Words by: Jonathon Denholm
On Monday, new anti-piracy laws were passed through the senate. The new laws are an attempt to make accessing illegal, film, music and TV content more difficult for Australians.
You won’t notice any immediate changes, but the content right holders will soon enter legal battles in an attempt to impose injunctions on specific sites.
If the federal court agrees that a websites “primary purpose” is to “infringe, or facilitate the infringement of, copyright,” then a court order will ensure that internet service providers (ISPs) such as Telstra, Optus and iiNet block users form accessing the content.
There are a number of concerns with the new laws, primarily in the broad wording of the new law. The term “primary purpose” could lead to sites such as Dropbox and YouTube being inaccessible from Australia.
The greens attempted to amend the law, but failed. They attempted to add a stipulation that would allow any third party the right to review a website block as well as tighten the definition of “primary purpose.”
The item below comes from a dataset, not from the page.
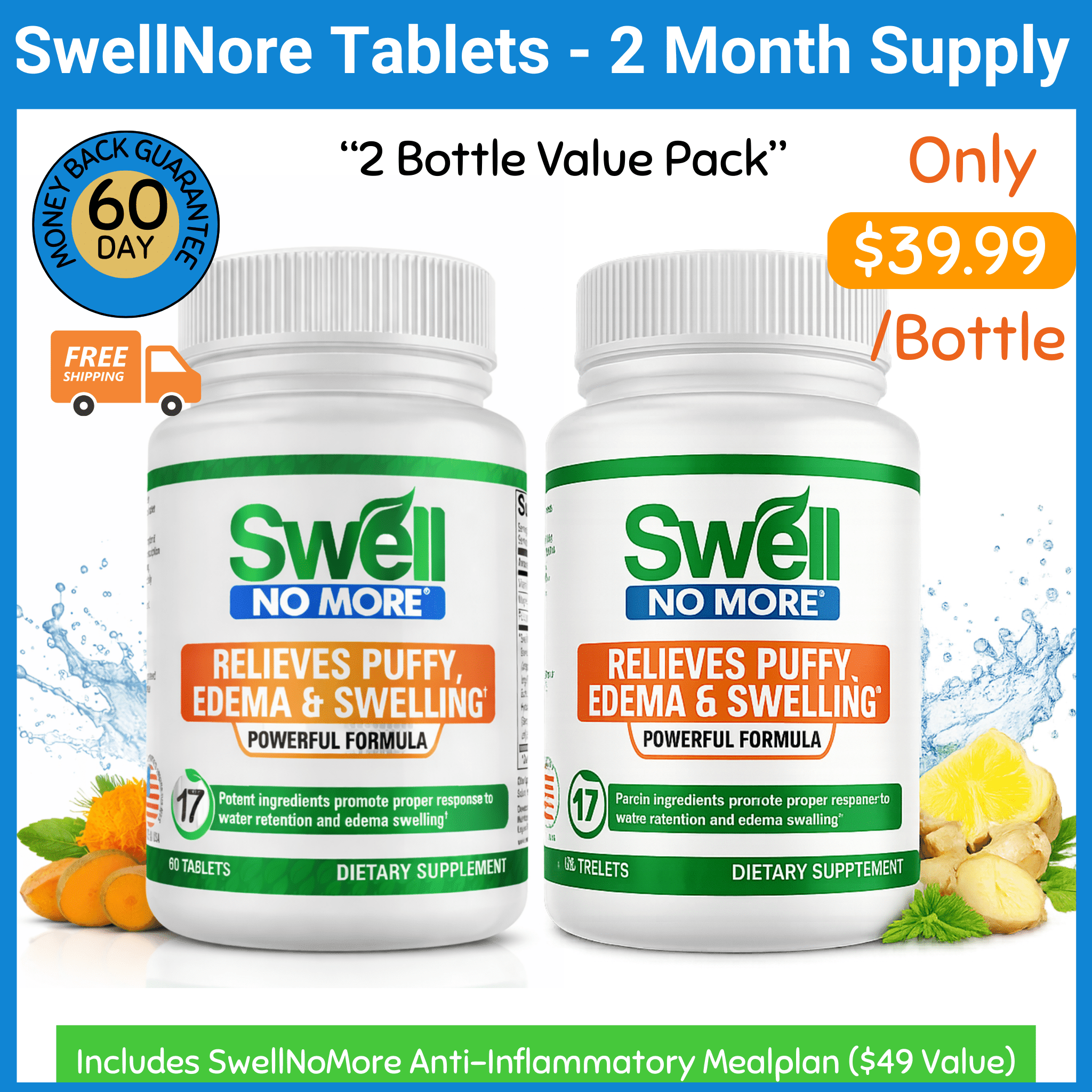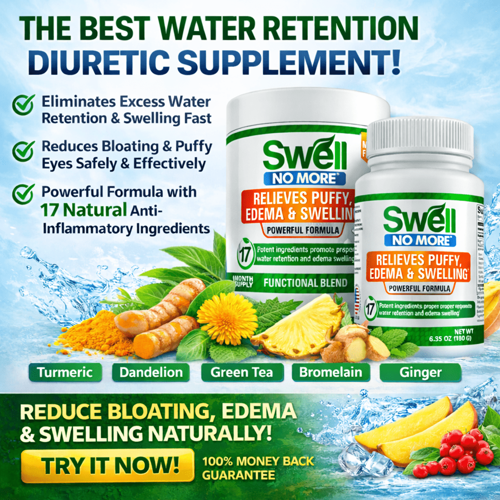 SwellNoMore® is a Natural Diuretic, Water Pill and Anti-Inflammatory Supplement with 17 Natural ingredients that reduces Water Retention, Bloating, Inflammation and Swelling (Edema) throughout the entire body. Just two supplements daily will dramatically reduce puffiness, bloating and swelling, including swollen legs, swollen ankles, swollen feet, puffy eyes. puffy face and other types of edema & swelling within days. (Individual results may vary.)

“We are trying to minimise the risk of collateral damage,” Greens senator Scott Ludlam said.
“Does anyone seriously believe that this scheme won’t be expanded in the future to cover more categories of content? Of course it will. It has scope creep absolutely built into it. It is lazy, and it is dangerous.”
As for those of you who want to avoid the impending blocks, you will still be able to do so with a VPN service. A VPN sends your internet traffic via an overseas server, essentially masking your location and allowing you to access content blocked to Australian users.
The government has agreed to review the anti-piracy laws after an 18 month period.